Los bancos británicos enfrentan más presiones sobre sus ganancias por los costos de las nuevas regulaciones y muchos de ellos tendrán que hacer más despidos, según un estudio de la firma contable KPMG.

KPMG indicó que pronto habrá un impacto por la implementación de las propuestas de la Comisión Independiente de Banca, que buscan impulsar los índices de capital y proteger a la banca minorista de los riesgos de la banca de inversión.

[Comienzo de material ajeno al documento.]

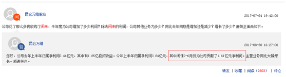 根据2017年7月昆仑万维董秘发布的信息,闲徕互娱2017年2-6月为上市公司贡(gòng)献了1.61亿元净利润。月均贡献净利润在3220万,根据被收购(gòu)的51%的股权比例,基本与2016年被(bèi)收购时的利润持平。

El costo de la regulación está empezando a hacer efecto y no se desvanecerá en el corto plazo, especialmente a medida que el trabajo en la implementación de las recomendaciones de la Comisión Independiente de Banca (...) se intensifique , dijo Bill Michael, jefe de Servicios Financieros en Reino Unido de KPMG.

La rentabilidad futura es una preocupación clave para los bancos minoristas y se anticipan incrementos adicionales en los precios para los clientes. También son inevitables más despidos , concluyó.

El sector bancario británico está dominado por el grupo de los cuatro grandes: Barclays, HSBC y por los prestamistas parcialmente estatizados Lloyd’s y Royal Bank of Scotland (RBS).

El Estado británico posee cerca de 40% de Lloyds y 82% de RBS tras rescatarlos durante la crisis de crédito del 2008. En febrero, tanto Lloyds como RBS, reportaron fuertes pérdidas para el 2011.